» Required action
The answer must be an exact copy of the lines from the one with "Kapalinntök, ofan/neðan |" to the last line of the entries below, both included, and must contain no pictures.

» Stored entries
━━━
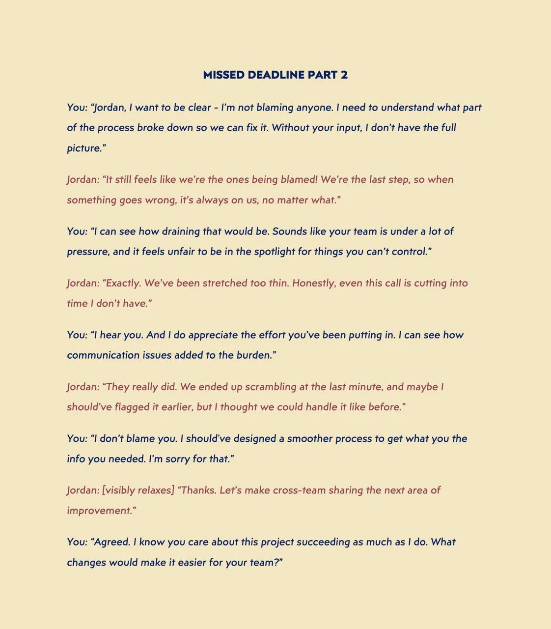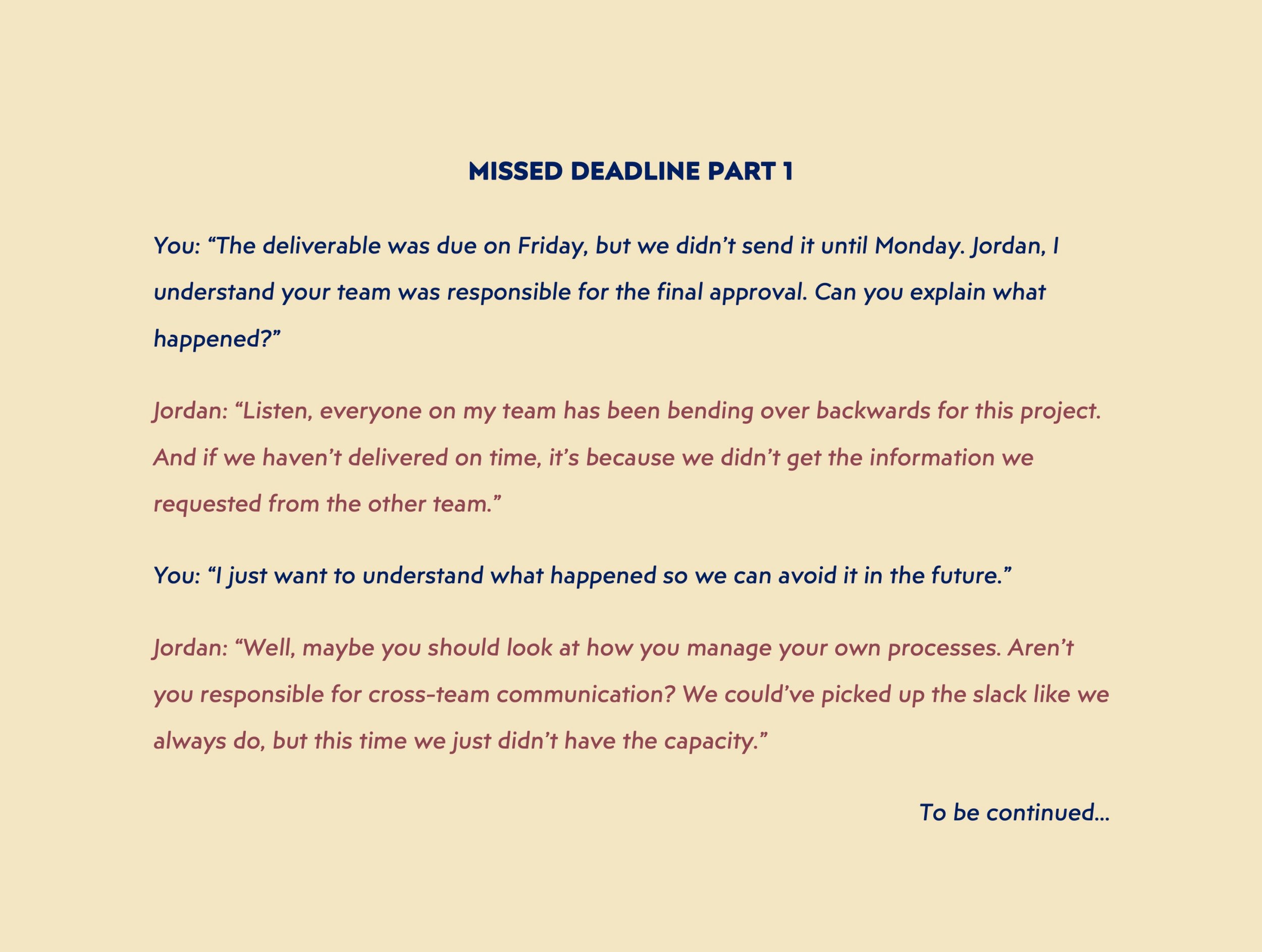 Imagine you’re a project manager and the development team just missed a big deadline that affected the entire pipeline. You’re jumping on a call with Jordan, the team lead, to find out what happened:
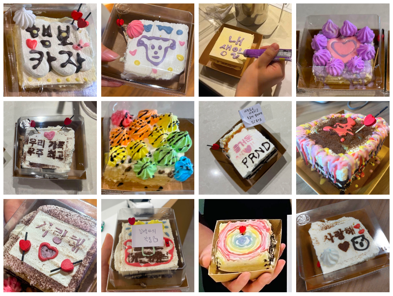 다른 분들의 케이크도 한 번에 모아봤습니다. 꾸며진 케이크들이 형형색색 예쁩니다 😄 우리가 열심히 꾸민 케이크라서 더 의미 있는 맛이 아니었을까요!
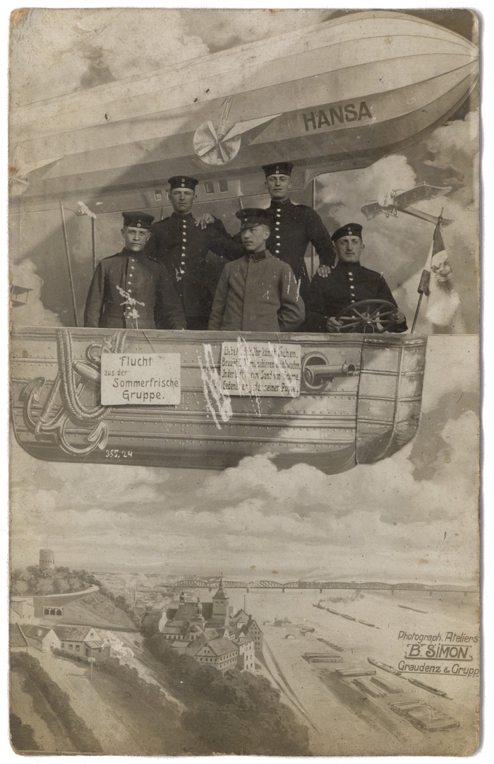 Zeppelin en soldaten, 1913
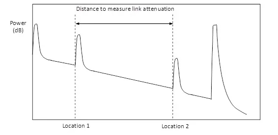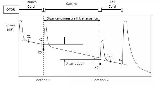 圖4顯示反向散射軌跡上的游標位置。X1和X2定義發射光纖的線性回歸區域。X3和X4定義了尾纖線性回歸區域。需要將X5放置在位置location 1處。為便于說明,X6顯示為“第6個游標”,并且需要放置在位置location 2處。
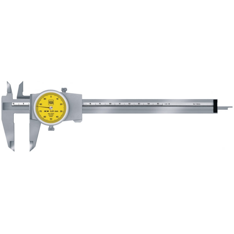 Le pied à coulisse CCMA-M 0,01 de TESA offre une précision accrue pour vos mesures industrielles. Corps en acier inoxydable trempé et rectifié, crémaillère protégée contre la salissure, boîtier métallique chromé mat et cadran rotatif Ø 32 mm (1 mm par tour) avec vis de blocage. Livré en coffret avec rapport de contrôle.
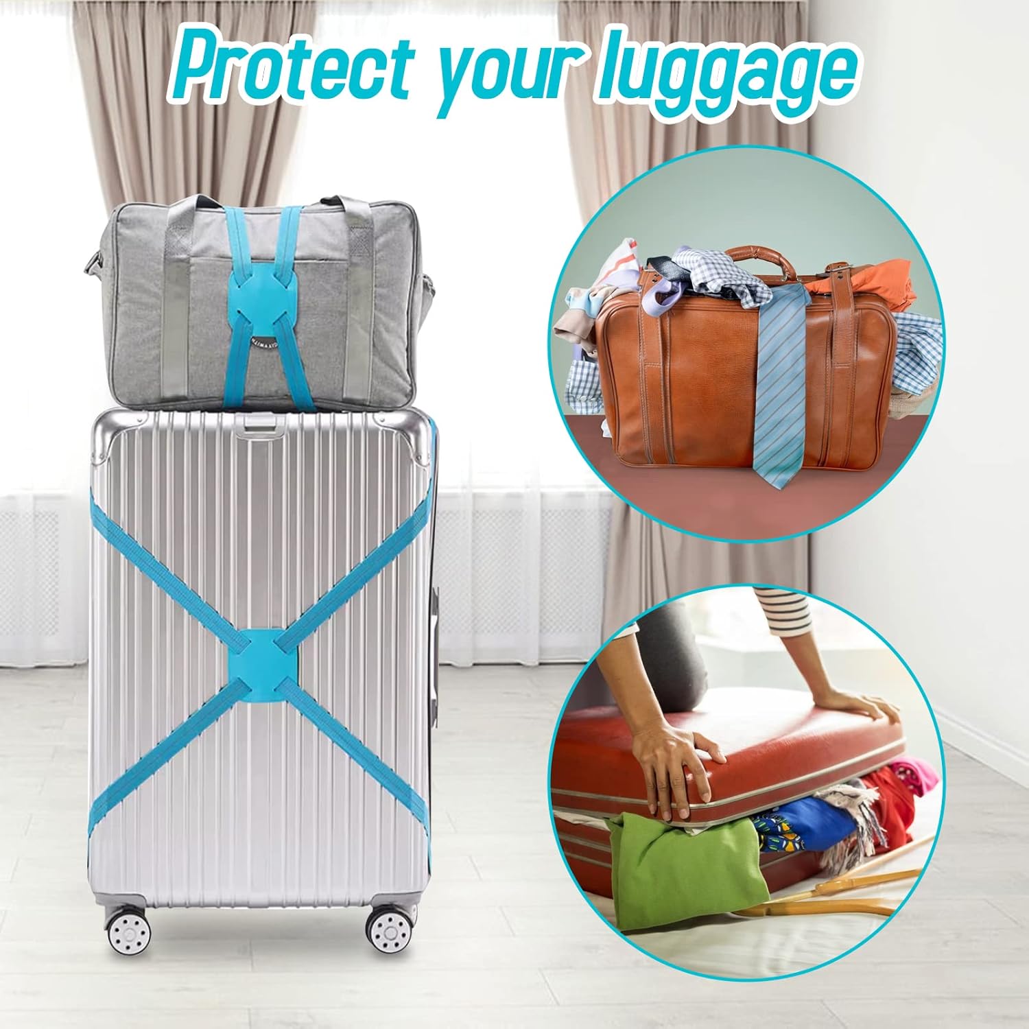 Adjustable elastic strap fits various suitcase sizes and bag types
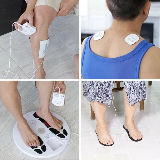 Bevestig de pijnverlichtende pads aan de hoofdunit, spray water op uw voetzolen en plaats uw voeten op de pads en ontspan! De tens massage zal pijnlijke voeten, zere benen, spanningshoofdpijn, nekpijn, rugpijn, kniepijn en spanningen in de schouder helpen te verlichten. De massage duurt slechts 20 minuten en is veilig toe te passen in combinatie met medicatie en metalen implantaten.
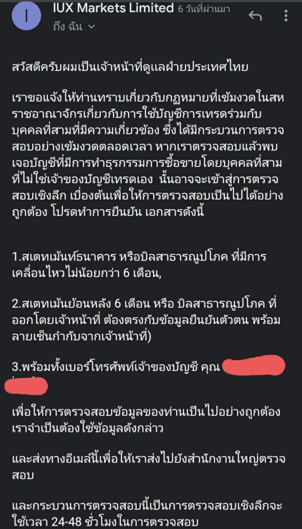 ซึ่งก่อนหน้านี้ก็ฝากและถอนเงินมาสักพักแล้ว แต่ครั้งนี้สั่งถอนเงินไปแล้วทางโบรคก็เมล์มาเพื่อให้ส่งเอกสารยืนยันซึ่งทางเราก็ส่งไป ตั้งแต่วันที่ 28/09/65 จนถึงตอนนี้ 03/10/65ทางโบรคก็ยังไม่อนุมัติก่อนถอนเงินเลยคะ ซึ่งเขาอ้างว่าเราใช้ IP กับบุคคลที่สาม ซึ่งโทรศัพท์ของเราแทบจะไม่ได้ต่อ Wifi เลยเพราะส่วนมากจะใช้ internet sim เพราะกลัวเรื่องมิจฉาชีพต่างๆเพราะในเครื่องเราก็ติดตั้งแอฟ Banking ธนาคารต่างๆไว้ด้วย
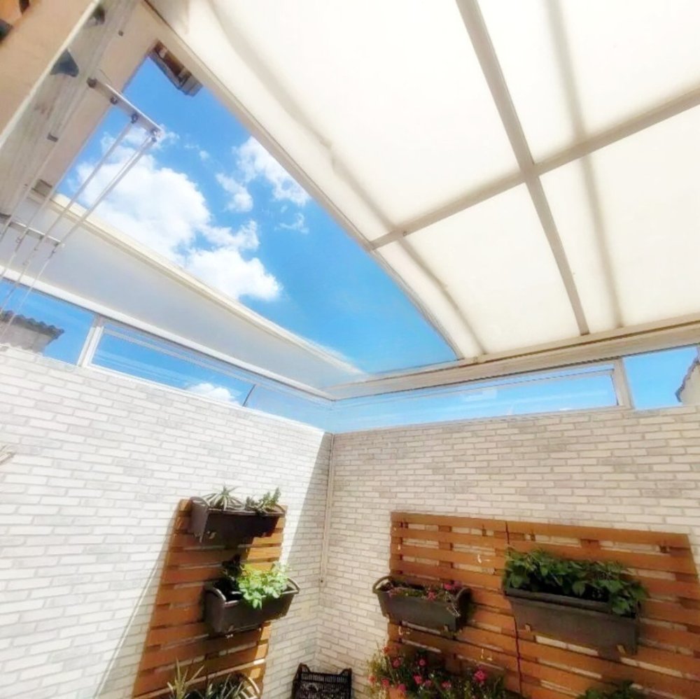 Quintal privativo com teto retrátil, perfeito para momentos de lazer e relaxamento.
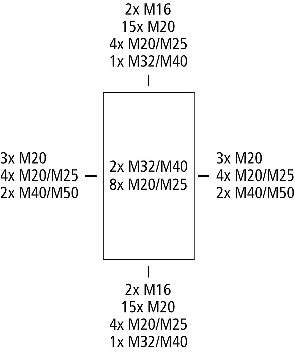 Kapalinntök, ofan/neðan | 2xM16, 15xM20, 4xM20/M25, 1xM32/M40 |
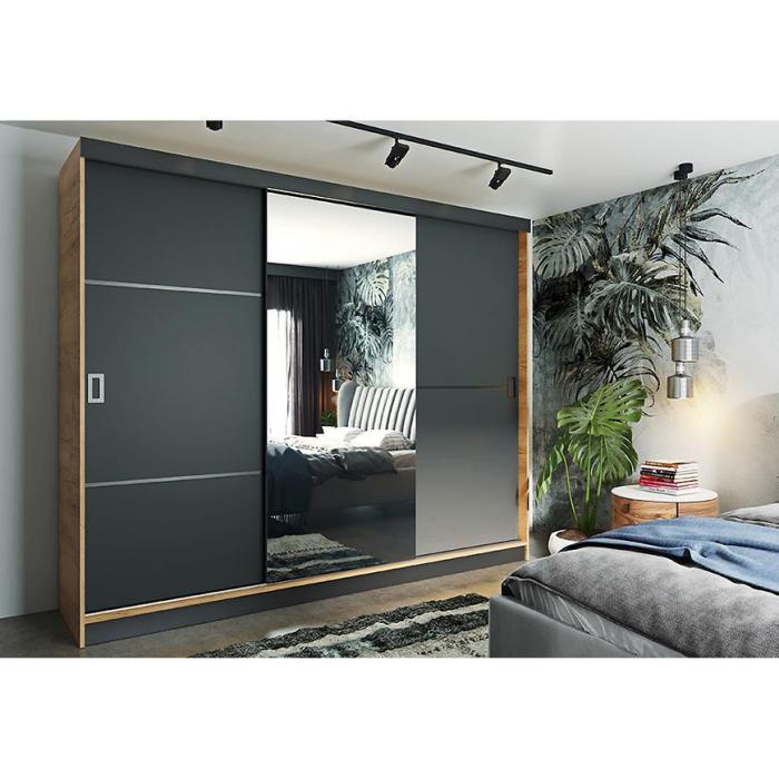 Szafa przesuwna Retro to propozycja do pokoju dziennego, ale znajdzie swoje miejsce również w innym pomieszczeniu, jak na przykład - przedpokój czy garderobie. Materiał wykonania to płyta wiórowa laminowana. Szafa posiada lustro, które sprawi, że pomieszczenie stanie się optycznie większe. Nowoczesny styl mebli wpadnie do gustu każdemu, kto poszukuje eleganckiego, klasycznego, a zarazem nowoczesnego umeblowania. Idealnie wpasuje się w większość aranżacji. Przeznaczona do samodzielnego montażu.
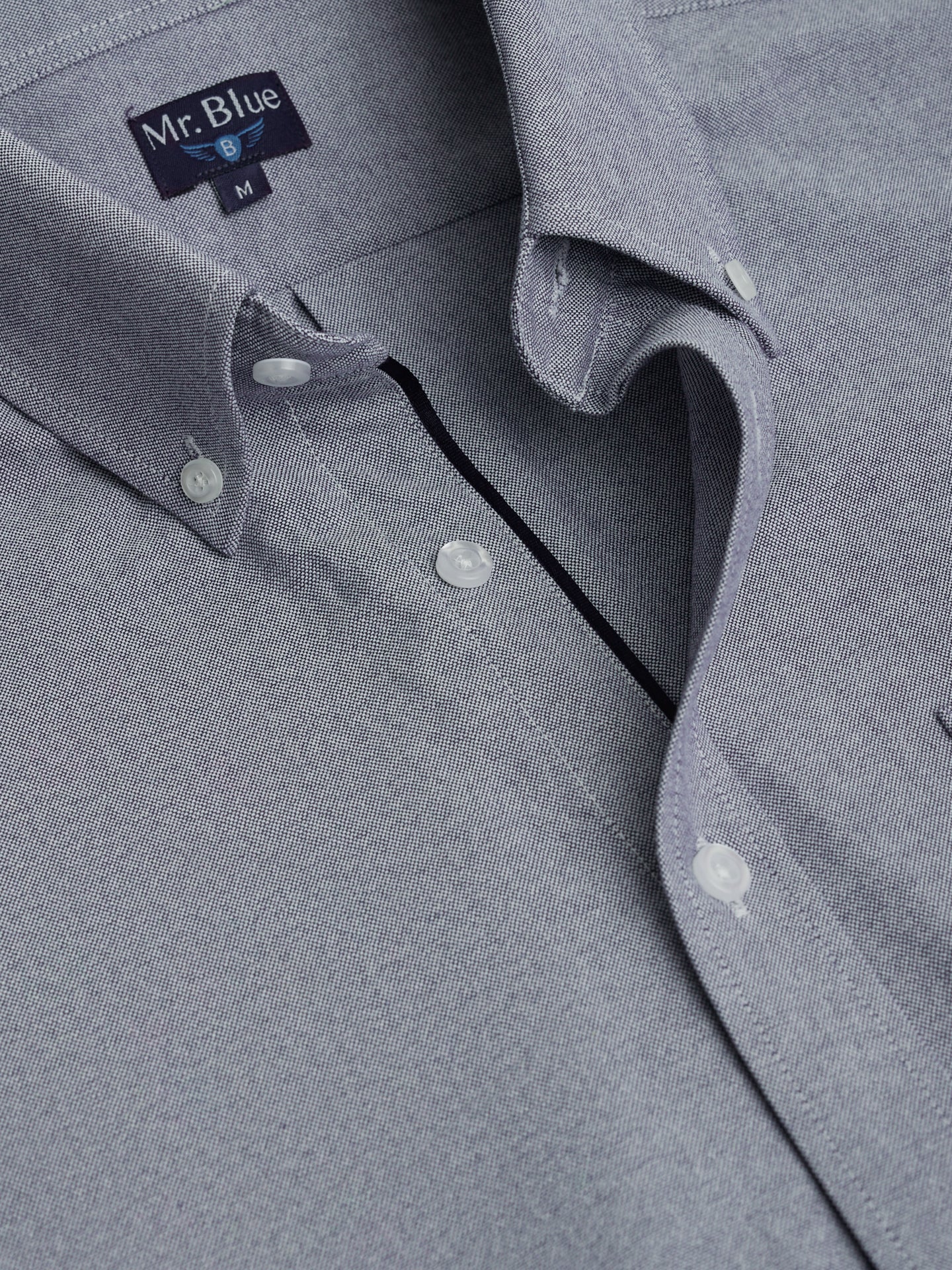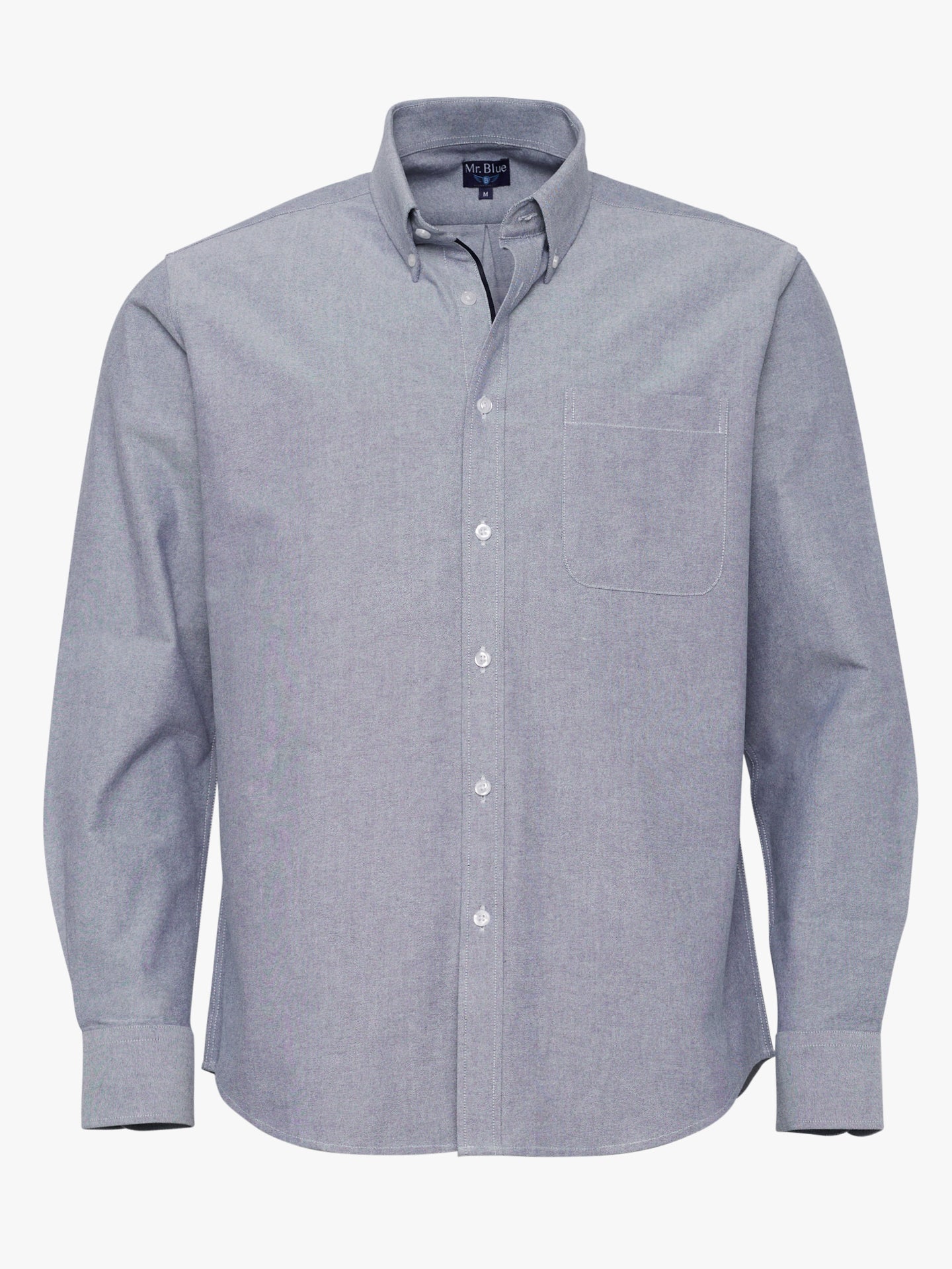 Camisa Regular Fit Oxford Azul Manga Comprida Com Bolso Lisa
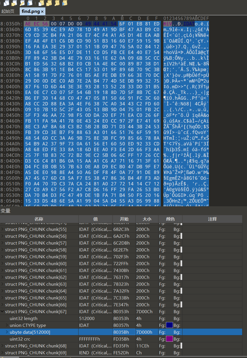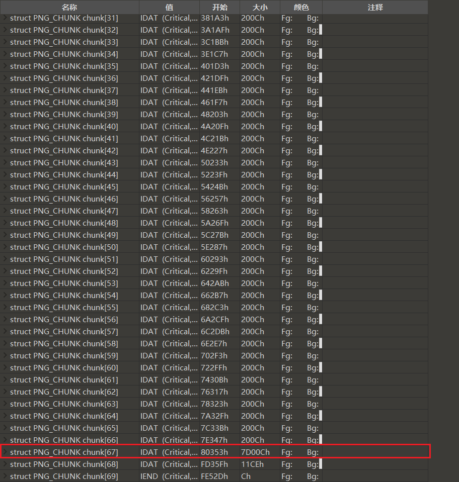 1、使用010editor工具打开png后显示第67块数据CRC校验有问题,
━━━
» Result of this task
 Kapalinntök, ofan/neðan | 2xM16, 15xM20, 4xM20/M25, 1xM32/M40 |
 Szafa przesuwna Retro to propozycja do pokoju dziennego, ale znajdzie swoje miejsce również w innym pomieszczeniu, jak na przykład - przedpokój czy garderobie. Materiał wykonania to płyta wiórowa laminowana. Szafa posiada lustro, które sprawi, że pomieszczenie stanie się optycznie większe. Nowoczesny styl mebli wpadnie do gustu każdemu, kto poszukuje eleganckiego, klasycznego, a zarazem nowoczesnego umeblowania. Idealnie wpasuje się w większość aranżacji. Przeznaczona do samodzielnego montażu.
 Camisa Regular Fit Oxford Azul Manga Comprida Com Bolso Lisa
 1、使用010editor工具打开png后显示第67块数据CRC校验有问题,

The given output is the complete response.